Sima Qian was the son of court astrologer (太史令) Sima Tan, who was a descendant of Qin general Sima Cuo (司馬錯), the commander of Qin army in the state's conquest of Ba and Shu.

Before his castration, Sima Qian was recorded to have two sons and a daughter. While little is recorded of his sons, his daughter later married Yang Chang (楊敞) of the Yang clan of Hongnong, and had sons Yang Zhong (楊忠) and Yang Yun (楊惲; died c. February 55 BC) It was Yang Yun who hid his grandfather's great work, and decided to release it during the reign of Emperor Xuan.
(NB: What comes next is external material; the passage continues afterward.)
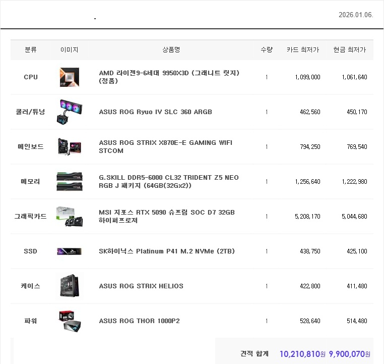 2026년 게임 작업 한방 1000만원대 사양!!!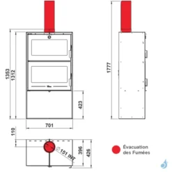 Sortie des fumées : Ø 150 mm

=== Unsubstantiated descendants ===
According to local legend, Sima Qian had two sons, the older named Sima Lin (司馬臨) and younger named Sima Guan (司馬觀), who fled the capital to Xu Village (徐村) in what is now Shanxi province during the Li Ling affair, for fear of falling victim to familial extermination. They changed their surnames to Tong (同 = 丨+ 司) and Féng (馮 = 仌 + 馬), respectively, to hide their origins while continuing to secretly offer sacrifices to the Sima ancestors. To this day, people living in the village with surnames Feng and Tong are forbidden from intermarrying on the grounds that the relationship would be incestuous.

According to the Book of Han, Wang Mang sent an expedition to search for and ennoble a male-line descent of Sima Qian as 史通子 ("Viscount of Historical Mastery"), although it was not recorded who received this title of nobility. A Qing dynasty stele Records of the Renovation of the Temple of the Grand Historian (重修太史廟記) erected in the nearby county seat Han City (韓城) claims that the title was given to the grandson of Sima Lin.